December 8, 2004
Another long one. Taped 11 bumpers for the Westerns Channel today out at Pioneer Living History Museum. Couldn't have been a more perfect day weather wise. Ground was still wet though and we couldn't find a dry cow chip, but that's another story.
I read an inspiring piece on how Will Rogers did his movies (for most of his adult life, until he died in 1935, he was a top box office draw), and he never memorized scripts. He'd ask his director, like John Ford, what a scene was about, then go off and think about it, then come back and say whatever came into his mind.

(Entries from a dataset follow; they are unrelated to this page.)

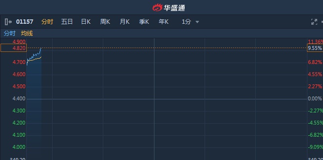 智通财经APP获悉,中联重科(01157)首季归母净利预增1.25倍至1.79倍至8.5亿人民币至10.5亿元人民币,造好股价。截至9时46分,涨9.55%,报价4.82港元,成交额5549万。
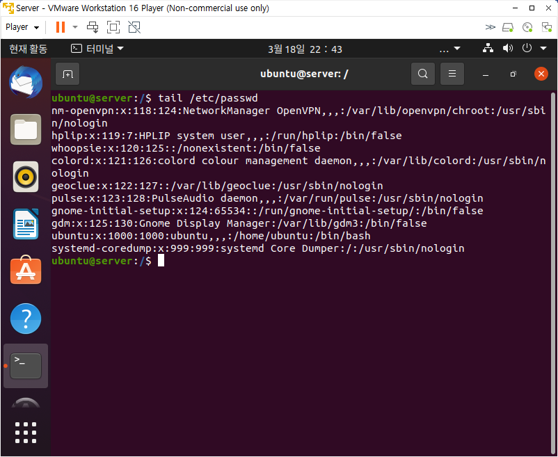 이번 수업 시간에는 리눅스의 디렉터리 구조에 대해 배우고 다중 사용자 관리 시스템인 리눅스에서 터미널을 통해 사용자 정보와 그룹 정보를 확인하는 법을 실습하였다. 아래 사진은 tail /etc/passwd 명령어를 통해 사용자 정보 중 아래 10줄만을 확인하는 모습이다.
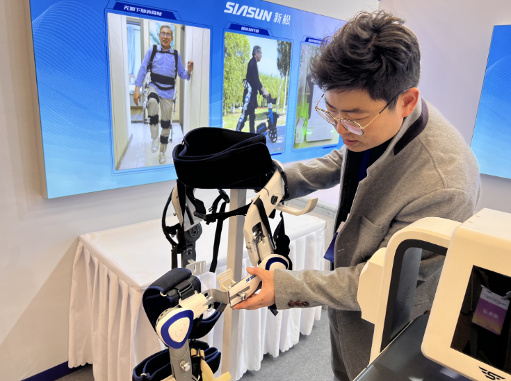 "This passive wearable exoskeleton device can support the hip joint and knee joint of the human body through the mechanical and physical principle of the pendulum by using the gravity of the human body instead of the motor driving force, thus enabling people with impaired mobility to walk," said Zhang Duo, the product manager with the medical technology company Sysmed (China).

So I went out to Pioneer with seven scripts and no teleprompter. Kind of scary. But after the first one (I memorized the first line: "One of the never ending chores in the Old West was collecting firewood.") and then I just leapt out into the darkness, without a net, and I tripped a couple of times, but by the end of the day I was doing new ideas ("What’s the meaning of 'I'm your huckleberry?'") in one take! Hey, I brought seven scripts and we did 11 bits.
For another bumper, I was talking to one of the cowboys out there named Duncan and in the course of chatting he mentioned that he had a stagecoach. I asked him if it was down here (he lives in Red Lodge, Montana), and he told me it was "over yonder," pointing with his chin in that unique cowboy way.
The next thing you know, I'm on the box with him and we're tearing down the back roads taping a segment on Bob Paul's incredible stage ride in March of 1881 where he actually surfed on the wagon tongue of a Tombstone stage. I realized as we bowled along, that I had never ridden on the box, ever. It was thrilling and a tad scary. The damn thing is way up off the ground and the horses (we only had two in harness, normally there are six) are chafing and kicking, and lurching, yes, lurching. The stage is creaking, slamming down the roadway. Anyway, at one point I looked at the saguaro clad hills and thought to myself, "Well, this beats working for a living." It was just thrilling and too cool for school.
Finished filming at 5:30, as the last light drained off into the Bradshaws, came home and went for a walk with the dogs. Cleaned the kitchen, came out to the studio. Paul Hutton is flying in tonight. In fact he's landing even as I type this (7:09 P.M.), he'll be renting a car and driving out. We're going to look at the DVD of the stuff we shot in Tombstone and make a plan for tomorrow.
"Somewhere, there is something incredible waiting to be known."